De premiers résultats ont montré que le développement
de tels mix semble possible, avec un coût de production
d’hydrogène potentiellement compétitif [3]. Il reste que, là
encore, la concurrence avec les autres types de demande
flexible est à examiner en détails pour préciser les
opportunités réelles.
Un usage de l’hydrogène qui devient
économiquement viable pour des applications « site
isolé »
Loin de s’opposer aux batteries, l’hydrogène comme
moyen de stockage pour sécuriser l’approvisionnement
électrique de sites dits «isolés» apparait très
complémentaire. Le stockage via l’hydrogène est plutôt
utilisé avec un rythme saisonnier, quand les batteries
assurent les variations journalières de la demande.
Il apparait que, couplée à une installation photovoltaïque,
la « chaine hydrogène » constituée d’un électrolyseur,
d’un stockage et d’une pile à combustible, ne représente
qu’une part modeste du coût de production de
l’électricité, mais qu’elle réduit très significativement le
dimensionnement du banc de batteries. Ainsi, dans le cas
de l’étude menée par le projet REVERSE, le surcoût de
l’électricité produite par rapport à l’alternative diesel,
pour un coût du diesel à 2€/l, se trouve réduit de moitié,
ne représentant plus que 20% grâce à la complémentarité
des deux types de stockage. De plus, pour un coût de
2,5€/l, la solution hybride hydrogène-batteries devient
compétitive par rapport à l’alternative diesel [4].

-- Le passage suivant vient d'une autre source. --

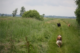Am ersten Juni Wochenende war es sehr warm und trocken. Mittags war ich mit der Rehkitz-Rettungsgemeinschaft Raum Rendsburg auf zu mähenden Wiesen nach Rehkitzen suchen. Auf den Wiesen, auf denen ich dabei war, haben wir keine gefunden. Aber zwei vom Morgen wurden mittags, nach dem Mähen wieder frei gelassen. (während dem Mähen waren sie in einer Box im Schatten, in Sicherheit). Da konnte ich so zuckersüße, kleine Bambis auch mal live sehen. Die Hunde waren dann jeweils abends, als es auch kühler, und für sie schöner war, spazieren.

A moyen terme : le potentiel de l’électrolyse haute
température
L’électrolyse haute température est un procédé
d’électrolyse de la vapeur d’eau, opérant typiquement à
des températures de 700 à 800°C. Ce procédé permet des
gains en rendement, notamment via l’apport direct sous
forme de chaleur d’une partie de l’énergie. Cette chaleur
est fournie grâce à des systèmes d’échangeurs thermiques
entre flux entrant et sortant de l’électrolyseur, et ne
requiert donc pas de source thermique à très haute
température.
Le stack d’électrolyse haute température présente un
potentiel supplémentaire par rapport aux autres types
d’électrolyse. En effet, il permet de faire de la co-
électrolyse de dioxyde de carbone et d’eau, produisant du
gaz de synthèse valorisable de multiples façons. Par
ailleurs, le même stack d’électrolyse haute température
peut être exploité en mode réversible, permettant avec un
seul objet d’assurer soit un service de production
d’hydrogène (mode électrolyse), soit une production
d’électricité (mode pile). Ceci permet d’imaginer de
nouveaux types de système : un électrolyseur haute
température couplé à une source électrique bas carbone
pourrait devenir un procédé de production d’hydrogène
pour des applications produit chimique ou vecteur
énergétique de l’hydrogène, doublé d’un procédé de
production d’électricité en période de tension du système
électrique. Ainsi, un potentiel technique et économique
pour cette technologie est mis en évidence, mais il reste à
le démontrer en conditions réelles compte tenu de la
moindre maturité de cette technologie aujourd’hui.